* DIRECTIONS: Leave the pictures out. Return all other data exactly.

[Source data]
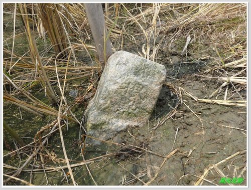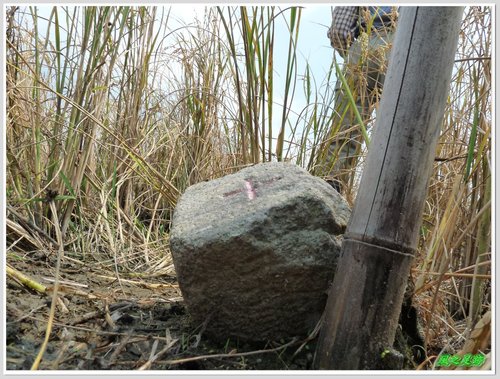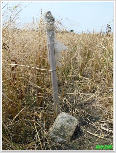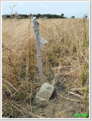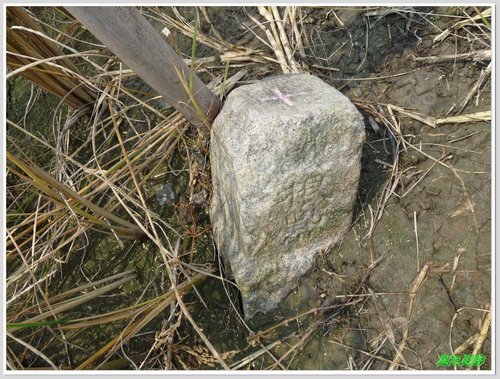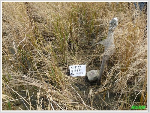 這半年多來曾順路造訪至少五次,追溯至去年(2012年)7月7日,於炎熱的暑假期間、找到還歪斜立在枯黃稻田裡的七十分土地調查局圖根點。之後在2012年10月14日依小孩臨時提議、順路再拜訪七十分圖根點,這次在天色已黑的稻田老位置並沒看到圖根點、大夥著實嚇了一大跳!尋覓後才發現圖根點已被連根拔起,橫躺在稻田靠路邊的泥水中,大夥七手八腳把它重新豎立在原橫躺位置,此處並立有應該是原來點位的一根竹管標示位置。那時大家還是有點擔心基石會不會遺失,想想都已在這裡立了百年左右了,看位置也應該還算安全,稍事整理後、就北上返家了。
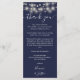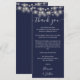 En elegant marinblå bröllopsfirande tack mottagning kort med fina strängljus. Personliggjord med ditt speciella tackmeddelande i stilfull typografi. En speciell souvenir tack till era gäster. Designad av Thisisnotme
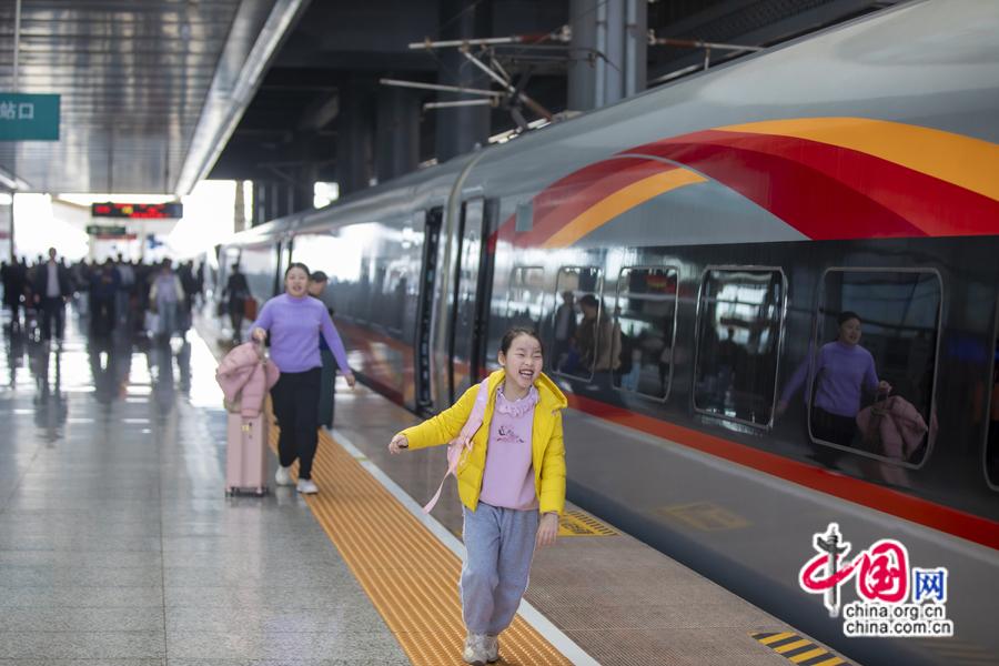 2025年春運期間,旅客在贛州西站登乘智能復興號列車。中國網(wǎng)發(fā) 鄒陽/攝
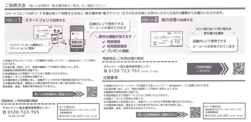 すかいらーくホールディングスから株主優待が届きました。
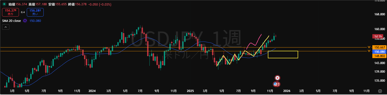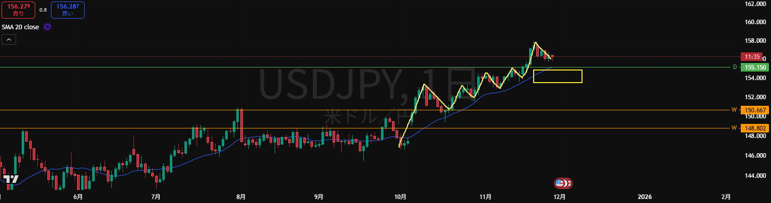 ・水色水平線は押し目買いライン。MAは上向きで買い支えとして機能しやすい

* SOLVED PROBLEM:
 這半年多來曾順路造訪至少五次,追溯至去年(2012年)7月7日,於炎熱的暑假期間、找到還歪斜立在枯黃稻田裡的七十分土地調查局圖根點。之後在2012年10月14日依小孩臨時提議、順路再拜訪七十分圖根點,這次在天色已黑的稻田老位置並沒看到圖根點、大夥著實嚇了一大跳!尋覓後才發現圖根點已被連根拔起,橫躺在稻田靠路邊的泥水中,大夥七手八腳把它重新豎立在原橫躺位置,此處並立有應該是原來點位的一根竹管標示位置。那時大家還是有點擔心基石會不會遺失,想想都已在這裡立了百年左右了,看位置也應該還算安全,稍事整理後、就北上返家了。
 En elegant marinblå bröllopsfirande tack mottagning kort med fina strängljus. Personliggjord med ditt speciella tackmeddelande i stilfull typografi. En speciell souvenir tack till era gäster. Designad av Thisisnotme
 2025年春運期間,旅客在贛州西站登乘智能復興號列車。中國網(wǎng)發(fā) 鄒陽/攝
 すかいらーくホールディングスから株主優待が届きました。
 ・水色水平線は押し目買いライン。MAは上向きで買い支えとして機能しやすい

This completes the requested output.